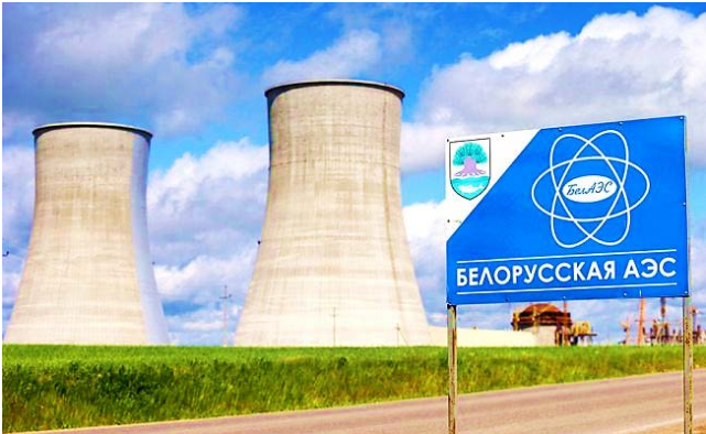
Белорусская АЭС (г. Островец)
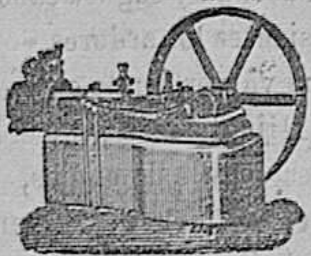
Máquina de vapor Horizontal.
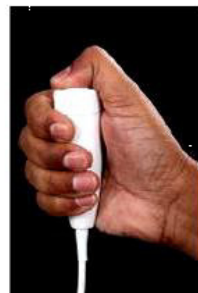
2º nivel "Exposición"
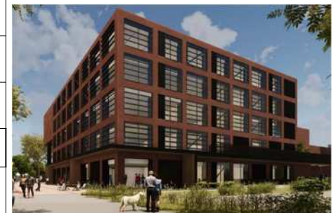
【富士見公園から見た外観】
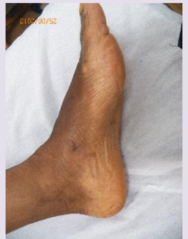
DEPOIS | PÉ ESQUERDO E DIREITO
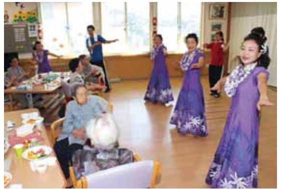
▲フラダンスを一緒に楽しむご利用者様(デイサービスセンター悠楽館)

状態の維持とご利用者様相互の交流で過ごしやすい空間作りをしていきたい。様々なイベント等でスタイルを変えながら、登録利用者の増加へつなげたい」と話してくれました。
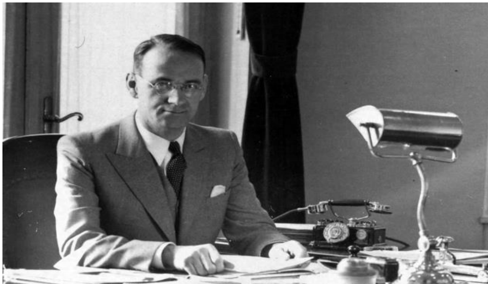
Εικόνα 8. Ο Carl Lutz, ο Ελβετός διπλωμάτης που έσωσε 62.000 Εβραίους.
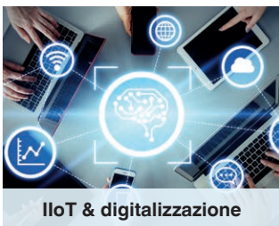
IIoT & digitalizzazione
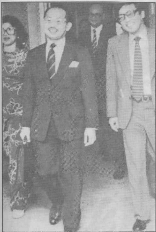
Beliau diiringi oleh teman-teman ke Dewan Rakyat untuk membentangkan Belanjawan Negara
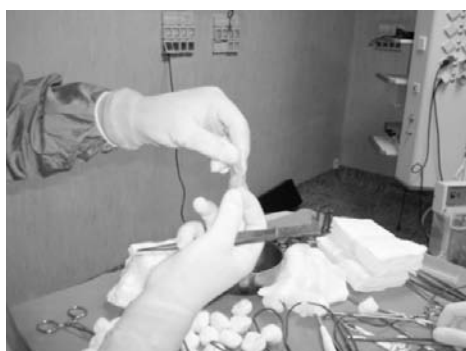
Fig. 1 - Preparazione del plug (Surgisis® a sinistra; TissueDura® a destra).
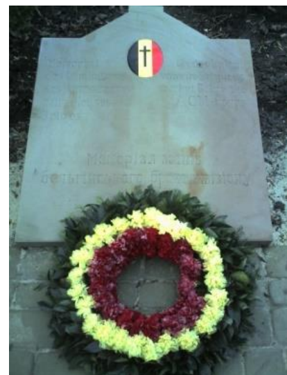
Nieuw Memoriaal voor de ACM-gesneuvelden
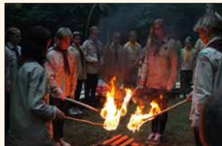
skautského roku! Na všechny naše světlušky, vlčata, skauty i skautky už se moc těšíme!

No, na táboře jsme toho zažili ještě spoustu, což jste mohli vidět na promítání fotek a posezení „Vzpomínáme na tábor“, které se konalo 3. 9. Ale teď už dost se vzpomínáním, je čas se vrhnout do dalšího
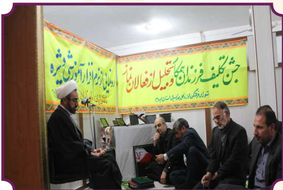
بزرگداشت سردار حاج قاسم سلیمانی
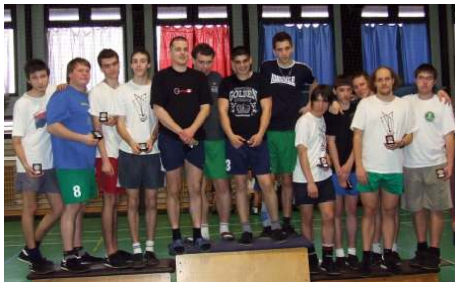
Újszásziak a dobogó második és harmadik fokán
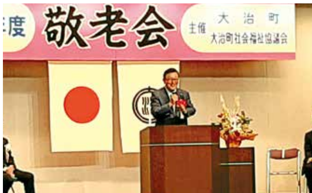
地元の敬老会に出席させていただきました。
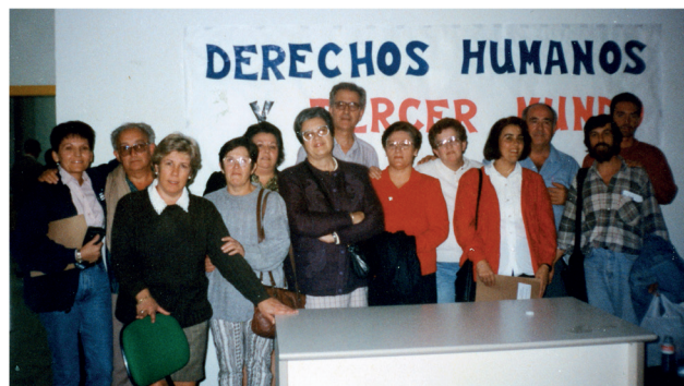
Siempre por los Derechos Humanos
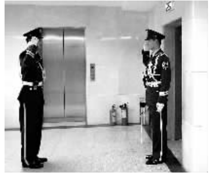
忠于职守 1月26日,在省人大大会堂分组会议室内,两名武警战士在交接岗。
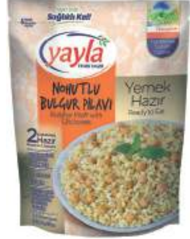
Nohutlu Bulgur Pilavi Bulghur Pilaff with Chickpeas
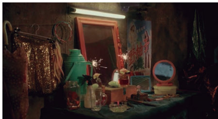
Figure 3 – le feu d'artifice d'« une minute » (Bi Gan 2019)

Quelqu'un qui est parti sûrement reviendra Et remplira d'amour un panier de bambou vide Sûrement il y aura quelque écroulement d'argile Et quelque vallée s'ouvrira comme une main (Kaili Blues 2016).
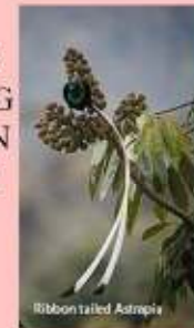
Ribbon tailed Astrapia

FALCON IS THE FASTEST FLYING BIRD. THEY CAN TRAVEL 390 KM IN AN HOUR.
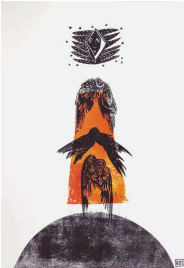
Трансформація. 2023. Ліногравюра. 41х30

▶ WHAT TO PRODUCE
Every entry, word for word: repeat it, but skip the images.

▶ EXPECTED ANSWER
Белорусская АЭС (г. Островец)
Máquina de vapor Horizontal.
2º nivel "Exposición"
【富士見公園から見た外観】
DEPOIS | PÉ ESQUERDO E DIREITO
▲フラダンスを一緒に楽しむご利用者様(デイサービスセンター悠楽館)

状態の維持とご利用者様相互の交流で過ごしやすい空間作りをしていきたい。様々なイベント等でスタイルを変えながら、登録利用者の増加へつなげたい」と話してくれました。
Εικόνα 8. Ο Carl Lutz, ο Ελβετός διπλωμάτης που έσωσε 62.000 Εβραίους.
IIoT & digitalizzazione
Beliau diiringi oleh teman-teman ke Dewan Rakyat untuk membentangkan Belanjawan Negara
Fig. 1 - Preparazione del plug (Surgisis® a sinistra; TissueDura® a destra).
Nieuw Memoriaal voor de ACM-gesneuvelden
skautského roku! Na všechny naše světlušky, vlčata, skauty i skautky už se moc těšíme!

No, na táboře jsme toho zažili ještě spoustu, což jste mohli vidět na promítání fotek a posezení „Vzpomínáme na tábor“, které se konalo 3. 9. Ale teď už dost se vzpomínáním, je čas se vrhnout do dalšího
بزرگداشت سردار حاج قاسم سلیمانی
Újszásziak a dobogó második és harmadik fokán
地元の敬老会に出席させていただきました。
Siempre por los Derechos Humanos
忠于职守 1月26日,在省人大大会堂分组会议室内,两名武警战士在交接岗。
Nohutlu Bulgur Pilavi Bulghur Pilaff with Chickpeas
Figure 3 – le feu d'artifice d'« une minute » (Bi Gan 2019)

Quelqu'un qui est parti sûrement reviendra Et remplira d'amour un panier de bambou vide Sûrement il y aura quelque écroulement d'argile Et quelque vallée s'ouvrira comme une main (Kaili Blues 2016).
Ribbon tailed Astrapia

FALCON IS THE FASTEST FLYING BIRD. THEY CAN TRAVEL 390 KM IN AN HOUR.
Трансформація. 2023. Ліногравюра. 41х30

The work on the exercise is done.